TASK REQUIREMENTS =
Transcribe the listing in full, word for word; pictures do not belong in the copy.

THE DATA =
Start of Block

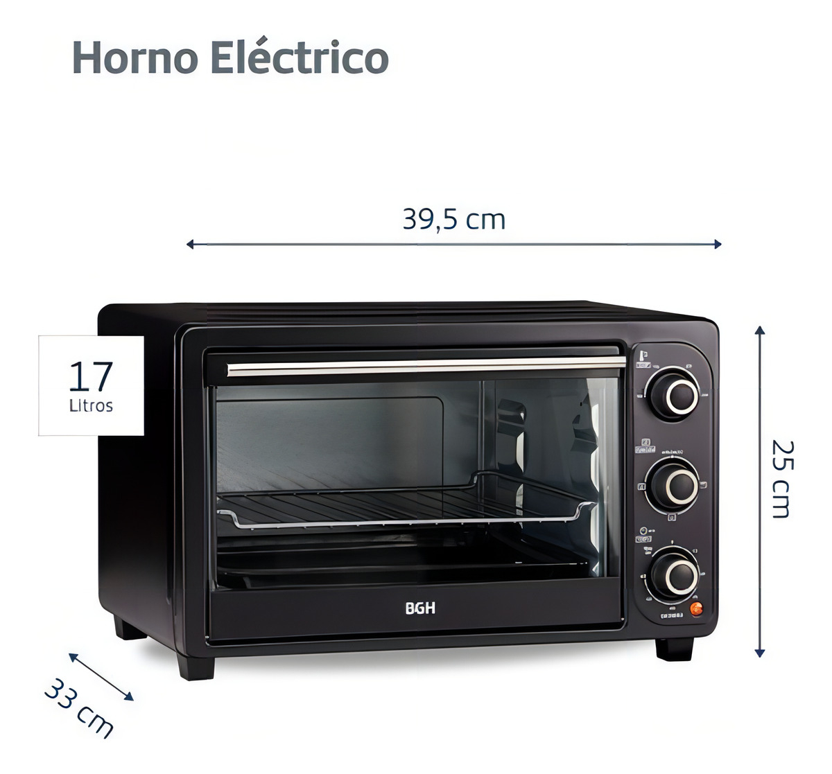 Hornito Eléctrico Bgh Bhe17m20n 16l Color Negro
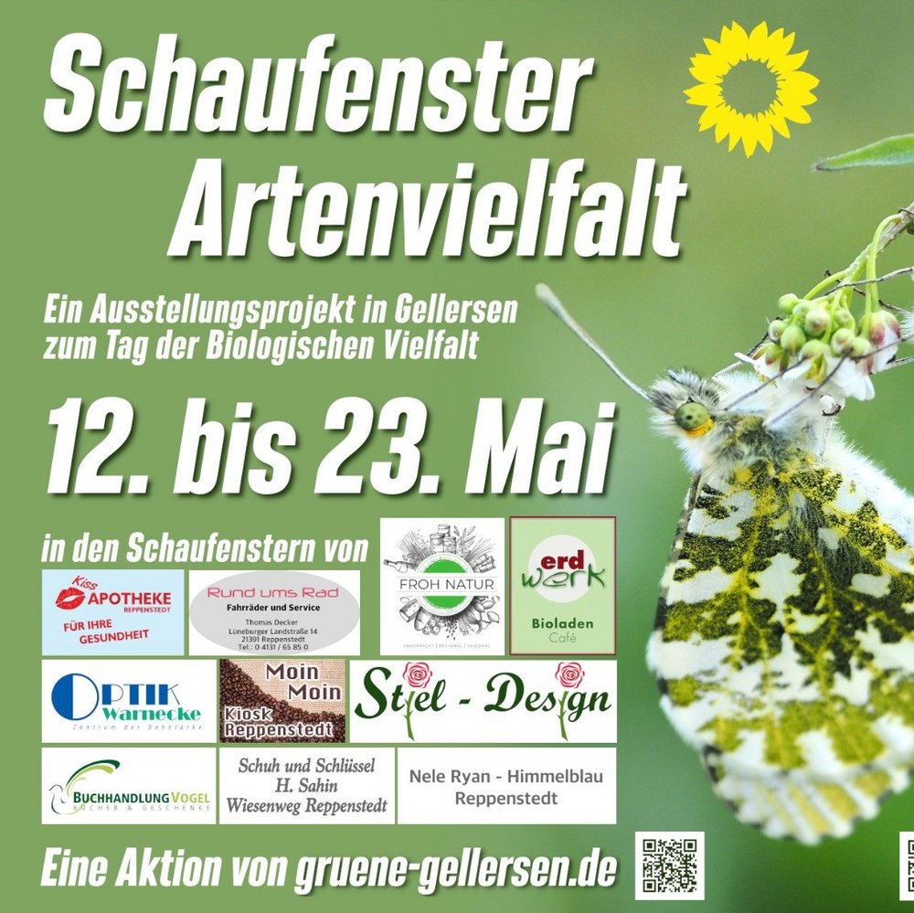 Die Aktion ist ein Ausstellungsprojekt der Grünen Gellersen. Diese werden am Montag, 22. Mai, mit einem Stand ab 15 Uhr in Reppenstedt über das Thema Biologischen Vielfalt informieren. Es gibt Infomaterial zum Thema sowie Samentütchen, um auch auf Balkon oder im eigenen Garten die Lebensbedingungen der Insektenwelt zu verbessern. Standort: Parkplatz am Wiesenweg.
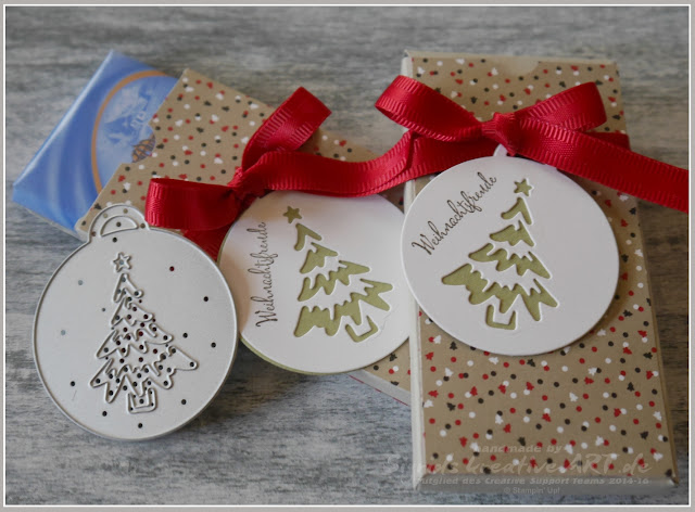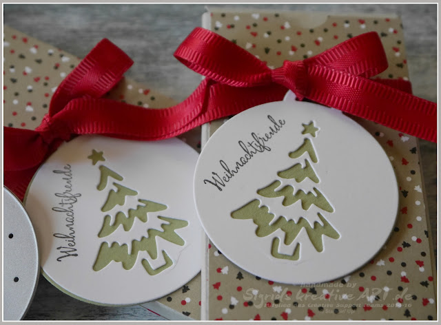 Bei meiner Variante runden ein Geschenkband und ein Anhänger die Verpackung ab.
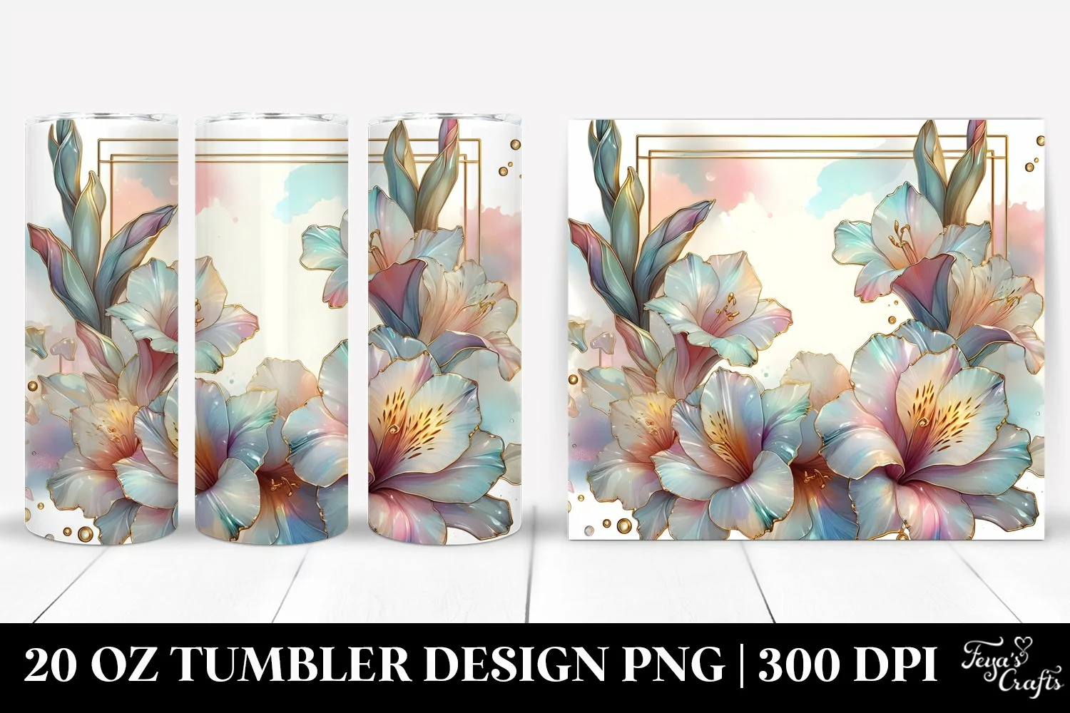 Shiny Golden Abstract Clipart Png Pastel Glass Sublimation Tumbler Gladiolus

End of Block

OUTPUT FOR THIS EXERCISE =
 Hornito Eléctrico Bgh Bhe17m20n 16l Color Negro
 Die Aktion ist ein Ausstellungsprojekt der Grünen Gellersen. Diese werden am Montag, 22. Mai, mit einem Stand ab 15 Uhr in Reppenstedt über das Thema Biologischen Vielfalt informieren. Es gibt Infomaterial zum Thema sowie Samentütchen, um auch auf Balkon oder im eigenen Garten die Lebensbedingungen der Insektenwelt zu verbessern. Standort: Parkplatz am Wiesenweg.
 Bei meiner Variante runden ein Geschenkband und ein Anhänger die Verpackung ab.
 Shiny Golden Abstract Clipart Png Pastel Glass Sublimation Tumbler Gladiolus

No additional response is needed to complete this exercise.